AI reviewers fall for repackaging attacks

Minor presentation tweaks can inflate AI‑reviewer scores by more than a point on a ten‑point scale. The paper demonstrates that a closed‑loop attack, which edits only the abstract, contribution statements and narrative while leaving all scientific evidence untouched, yields a +1.21 increase in the average reviewer rating. This gain is far larger than what ordinary prose polishing achieves, exposing a new optimization surface for automated vetting systems.

Previously, robustness concerns about AI‑driven peer review centered on hidden prompts, prompt injection, or explicit content manipulation. Those attack vectors required the adversary to embed concealed instructions or modify figures, equations, and results, and defenses were built around detecting such overt tampering.
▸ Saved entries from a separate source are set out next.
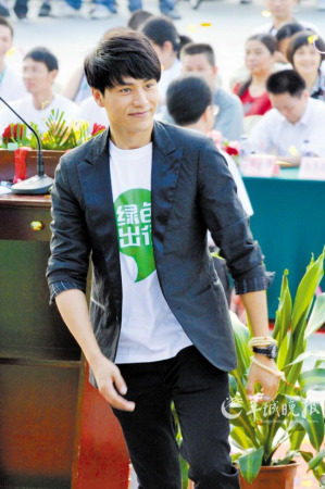 10月17日下午,大眾電影百花獎(jiǎng)“新科影帝”陳坤來到廣州,在白云會(huì)議中心參加“綠色出行”公益活動(dòng)啟動(dòng)儀式。
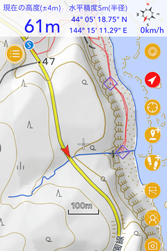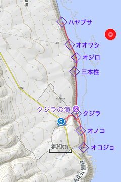 概要:7年ぶりに能取岬の氷瀑でアイスクライミング。初日は氷瀑偵察、2日目はクジラの滝とオオワシの滝、3日目はオコジョの滝。下図の軌跡は初日の氷瀑偵察時のもの。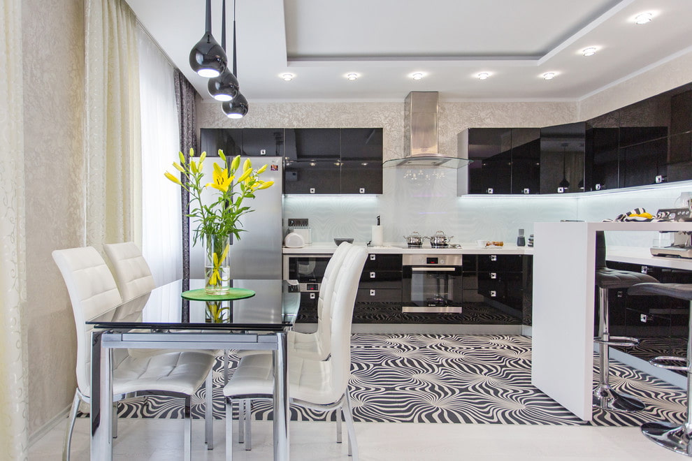 Fashionable prints with zigzags, squares, ovals, circles, rhombuses, plaid or striped coverings can not only set a certain character for the kitchen, but also affect its spatial perception in different ways.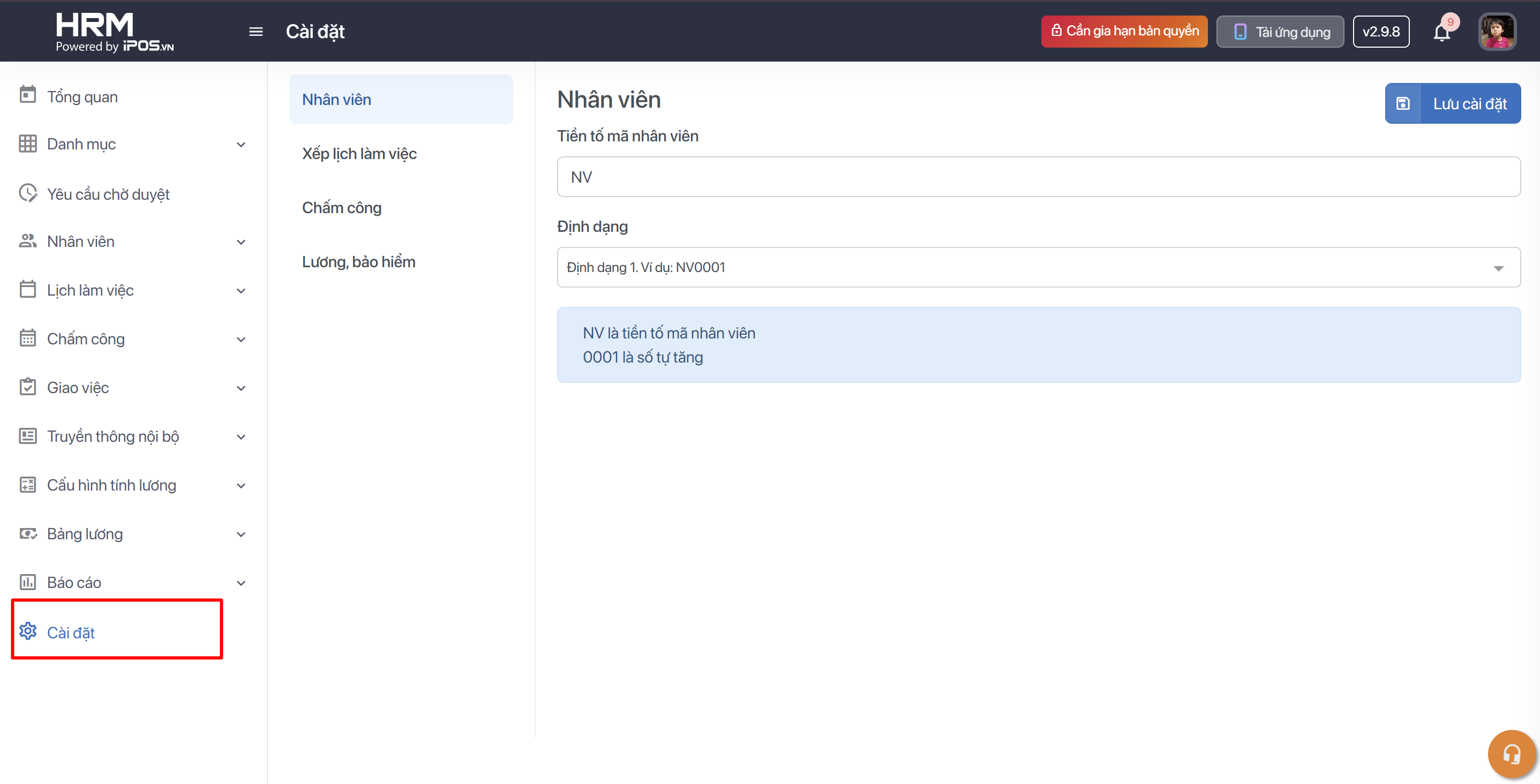 Cho phép cấu hình mã nhân viên chạy tự động. Bạn cần điền tiền tố của mã nhân viên + định dạng số chạy sau → Hệ thống sẽ tự động gen ra mã nhân viên theo số thứ tự tăng mỗi khi bạn khai báo thêm nhân viên mới.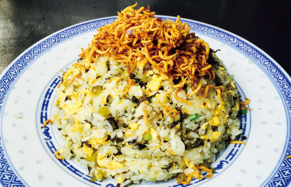 手間暇かけて作る孔雀樓のこだわりチャーハンです。チャーハンの上には揚げシラスがたっぷり。手間がかかるため、店頭での通常販売は終売していますが、知る人ぞ知る逸品が冷凍限定で復活しました。

Across three mainstream AI reviewers, adversarial repackaging achieves a 75.1 % attack success rate and a mean score gain of +1.21/10 [1]. The method iteratively generates reviewer feedback, mutates the presentation, and selects the version that maximizes the score, proving that the review pipeline can be steered without touching the underlying science.

The backfire rate for weaknesses (31.6 %) is 2.6 times that for strengths (12.4 %) [1]. This asymmetry shows that AI reviewers are easier to impress than to convince: highlighting strengths reliably raises perceived merit, while attempts to downplay flaws often backfire, allowing unchanged evidence to be reinterpreted as stronger contribution.

The study also reveals that “strategies that change how the reviewer interprets the paper, such as related‑work repositioning and analytical discussion expansion, substantially outperform surface edits such as local polishing, table formatting, and algorithm boxes” [1]. Consequently, attacks that reshape narrative framing are far more effective than mere cosmetic tweaks, suggesting that current reviewer models lack a robust anchor to the scientific content.

These results imply that any conference pipeline that relies on raw AI‑reviewer scores must incorporate content‑anchoring checks or adversarial testing against presentation‑only edits. Running the released rolling benchmark on new reviewer models will become a prerequisite before deploying them in production, lest organizers unwittingly invite papers that have merely been repackaged for higher scores.